3 key steps for running chaos engineering experiments

Only by breaking your systems can you learn to make them better. Just break them in a controlled way

3 key steps for running chaos engineering experiments
Rhys A. (Creative Commons BY or BY-SA)

Chaos engineering is the practice of running thoughtful, planned experiments that teach us how our systems behave in the face of failure. Given the trends around dynamic cloud environments and the rise of microservices, the web continues to grow increasingly complex alongside our dependency on these systems. Making sure failures are mitigated and proactively deterred is more important now than ever.

Even brief issues can hurt customer experience and impact a company’s bottom line. The cost of downtime is becoming a major KPI for engineering teams, and when there’s a major outage the cost can be devastating. In 2017, 98 percent of ITIC surveyed organizations said a single hour of downtime would cost their business over $100,000. One major outage could cost a single company millions of dollars. The CEO of British Airways recently revealed that a technological failure that stranded tens of thousands of British Airways passengers in May 2017 cost the company 80 million pounds ($102.19 million USD).

This is why companies who proactively prepare for these scenarios will be much better off than those who wait for the next incident. Below are three key steps for running effective chaos engineering experiments within your organization. Start with a single host, container, or microservice in your test environment. Then try to crash several of them. Once you’ve hit 100 percent in your test environment, reset to the smallest bit possible in production and take it from there. 

Chaos engineering step #1: Plan an experiment

One of the most powerful questions in chaos engineering is “What could go wrong?” Start with forming a hypothesis about how a system should behave when it becomes under stress. By thinking about your services and environments upfront, you can better prioritize which scenarios are more likely (or more frightening) and should be tested first. By sitting down as a team and whiteboarding your services, dependencies, and data stores, you can also formulate some worst case scenarios.

If you don’t know exactly where to start, injecting a failure or a delay into each of your dependencies is a great way to begin understanding your systems better. And by discussing the scenario with your team, you can hypothesize on the expected outcome when running live. What will be the impact to customers, to your service, or to your dependencies?
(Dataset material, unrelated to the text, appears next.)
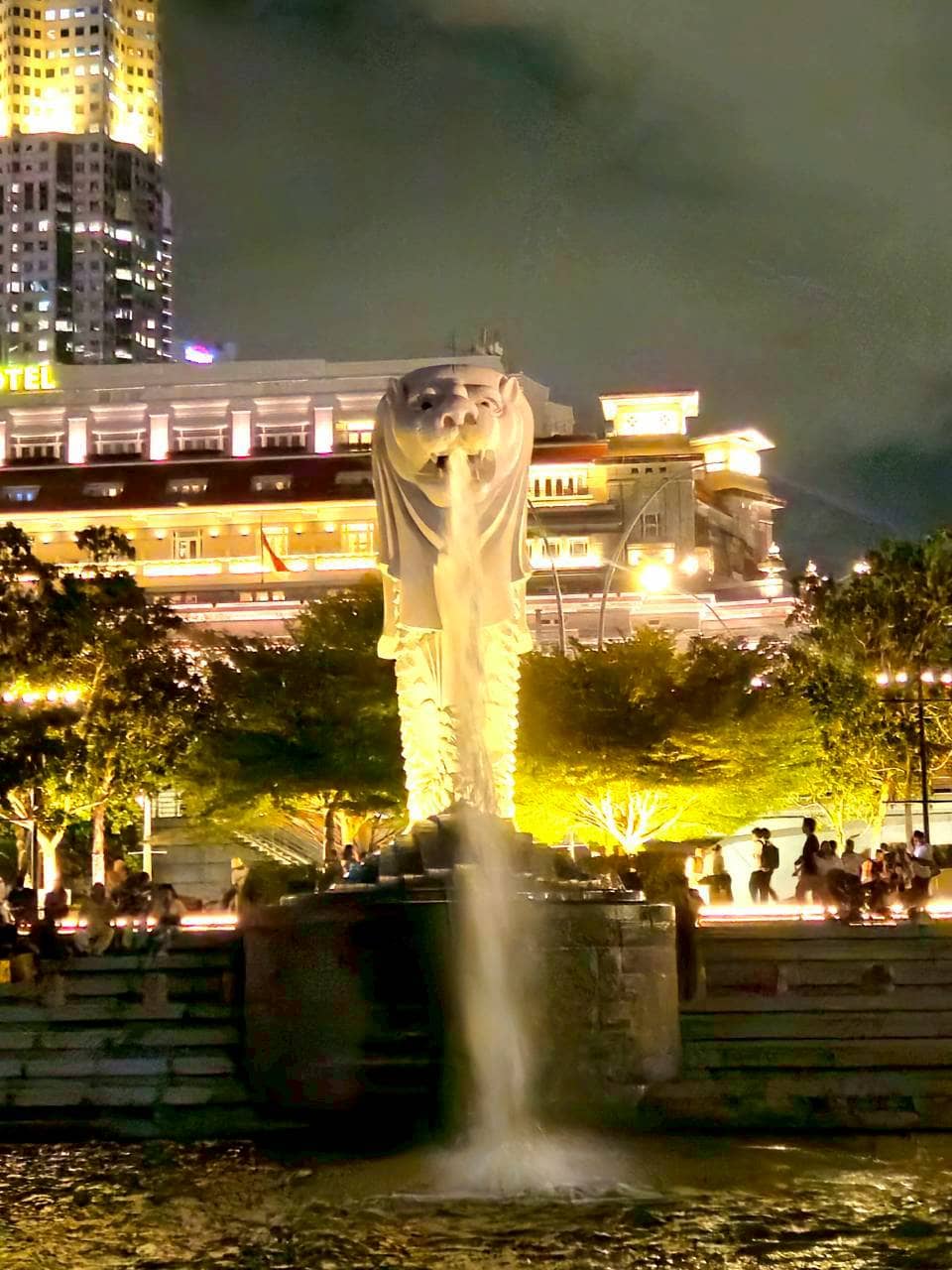 ちなみにシンガポールリバーの上流、クラークキーに船着き場があるリバークルーズのコースによってはマーライオンを正面から拝めるスポットに連れて行ってくれます。ナイトリバークルーズで私が撮影したマーライオンがこちら。夜も元気に、水吐いてる~!

Chaos engineering step #2: Contain the blast radius

Next, you should design the smallest possible experiment to effectively test your system. By starting small, even if things screw up, it won’t cause an outage. The idea is to understand how failure plays out, then scale it up as trust in the system grows. At each step you should be validating assumptions at scale and building confidence in your systems. 

Start by asking questions like does your code handle error conditions? Do you have insight into these failures? Then at a larger scale, you can focus on scale. Do you protect yourself from load spikes by “backing off” on dependencies that are under water? It is good to have a key performance metric that correlates to customer success (such as orders per minute, or stream starts per second). If you see an impact to these metrics, you want to halt the experiment immediately.

Chaos engineering step #3: Scale or roll back

Finally, you want to measure the impact of the failure at each step. This could be the impact on latency, requests per second, or system resources. You should also survey your dashboards and alarms for unintended side effects. When the experiment completes, you should have a much better understanding of your systems’ real-world behavior.

Important to note: Always have a plan in case things go wrong. If you’re running commands by hand, be careful not to break SSH or control plane access to your instances. One of the core aspects of our chaos engineering tool, Gremlin, is safety—all of Gremlin’s attacks can be reverted immediately, allowing you to safely abort and return to steady state if things go wrong.

After running an effective chaos engineering experiment, there are essentially two outcomes: Either you’ve verified that your system is resilient to the failure you introduced, or you’ve found a problem that you need to fix. Both of these are good outcomes! Now go have fun breaking things. 

Kolton Andrus is co-founder and CEO of Gremlin. Previously he was a chaos engineer at Netflix improving streaming reliability and operating the edge services. He designed and built F.I.T., Netflix’s failure injection service.